I love my breakfast and the one thing I would miss is sausage. I have canned deer and beef but never tried a pre-cooked meat. Has anybody taken a link type sausage like Hormel brown & serve links and canned them?


----------



## OldCootHillbilly (Jul 9, 2010)

Ya can can hotdogs an I've read bout cannin sausage so it should be doable.

I'd say it would have ta be pressure canned followin the rules fer yer area.


----------



## Outbreak (Mar 20, 2011)

Old Coot, everything I do is with the pressure canner. I'll check the hot dot recipe, shouldn't be any different with sausage except maybe some more fat, but thats OK. Thanks


----------



## *Andi (Nov 8, 2009)

I have never done "link" sausage but I did find this ... Looks to be the same as the patties.

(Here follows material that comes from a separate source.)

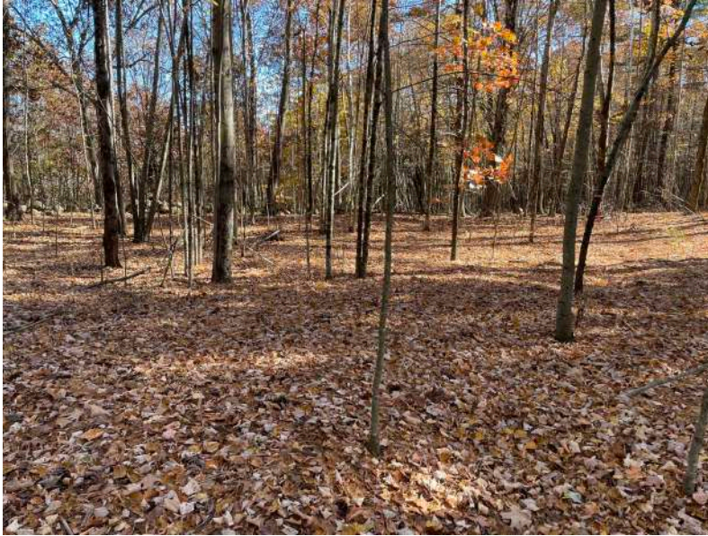
Photo 15 10/25/2024 Lot 5-100 along ridge

Shape ground pork in to patties or 3 to 4 inch links . Cook until lightly browned. Drain. Pack hot sausage into hot jars, leaving 1-inch headspace. Ladle hot broth over sausage, leaving 1-inch headspace. Remove air bubbles. Adjust two-piece caps. Process pints 1 hour and 15 minutes, quarts 1 hour and 30 minutes, at 10 pounds pressure in a steam-pressure canner."


----------



## lotsoflead (Jul 25, 2010)

exactly what Andi stated, it's in the bible of canning books, page 58 of the ball blue book.


----------



## Outbreak (Mar 20, 2011)

Thanks everybody.


----------